The reason friends and family abandon people in pain is because they get overwhelmed and don't know what to do. That's frustrating for them and you.

Give it a shot and have patience (which I don't have but I'm learning)!


Picture of Howard Schubiner
Re: Doubts
by Howard Schubiner - Monday, 26 June 2017, 1:39 PM
 
Thanks for writing, Wendy.

We are so sad for you and so there with you!! So many of us have been in the same situation. It's so easy to have things just keep piling up and getting worse. One bad thing leads to another!

There is a way out. But it is slow. It takes starting with a single step, literally, a step out of bed, a step to the kitchen, a step outside. It starts with a breath, a single breath of air, a single breath of calmness, a single breath of strength. It starts with a single moment of seeing, of seeing yourself as a good person who has had bad luck, of seeing the sky and the world as not so dangerous, of seeing others who want to help you but don't know how, of seeing yourself as having hope.

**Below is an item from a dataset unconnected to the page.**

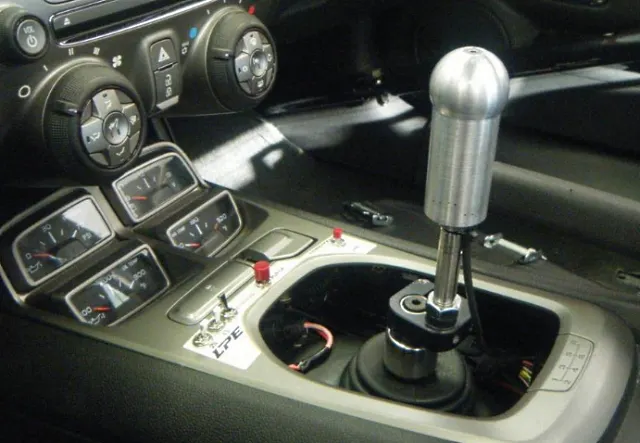 According to Brent Malone from LPE, “…the shifter has a built in strain gauge that outputs a voltage when forced is applied to the handle. This in turn sends the signal to our torque cut module and lets us shift our RPM faceplated TR6060 trans.”
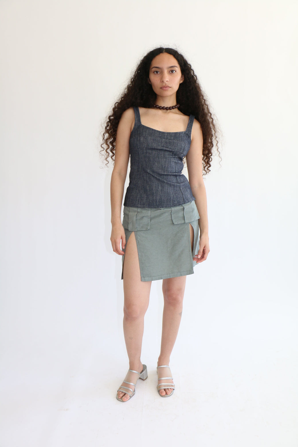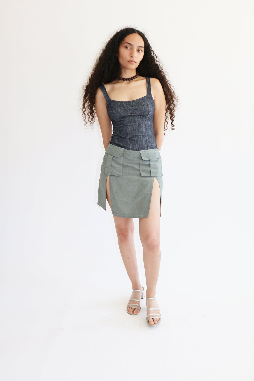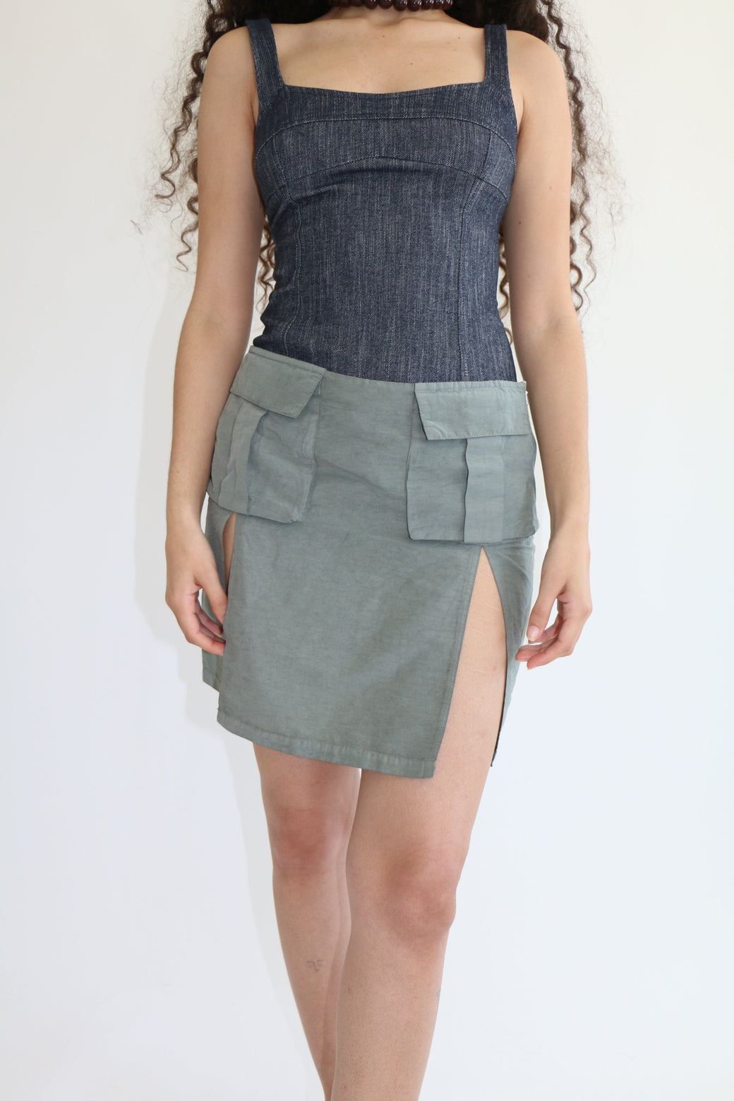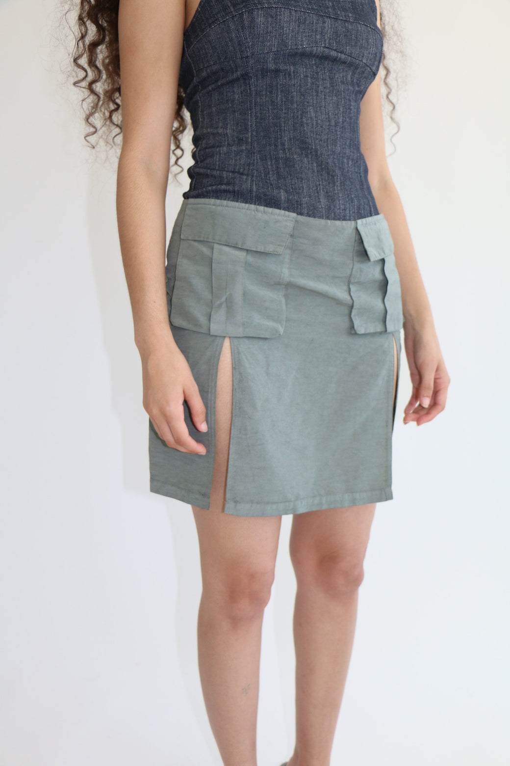 Low-waist skirt with two front square pockets and a back center pocket, complemented by high front slits positioned just below the front pockets. Crafted from structured fabric that blends a subtle nylon effect with lightweight cotton-based material. This garment-dyed piece may display slight color irregularities, adding to its unique charm.

Work on these small steps every day.
Write to us every day and we will respond.
Reach out to anyone who will listen or work with you.
Just do a little and see that you can do just that.
Then you'll see that you can do a little bit more.

We're here for you!
Best, Howard
Picture of Barbara Kessler
Re: Doubts
by Barbara Kessler - Tuesday, 27 June 2017, 2:46 AM
 

Hi Wendy,

Thanks for reaching out for help. You have a lot of courage in telling us your story. And, that courage will help you in working the "Unlearn Your Pain" program.  It works if you work at it.  And, progress is slow-at least it has been for me. I also had many doubts about trying this approach for healing.  My guilt and shame kept me trapped in a cycle of self loathing and physical pain. I desperately looked for someone or something to fix me; but, I sure couldn't reveal my pain to anyone.

This program allowed me to get to know myself and start healing.  Not quickly, no miracles. just a slow and steady awakening and acceptance of myself.  New problems crop up and then it's back to basics.  Your letter has reminded me to use this program again for my current stomach distress.  So, thanks Wendy.  And know we are here for you.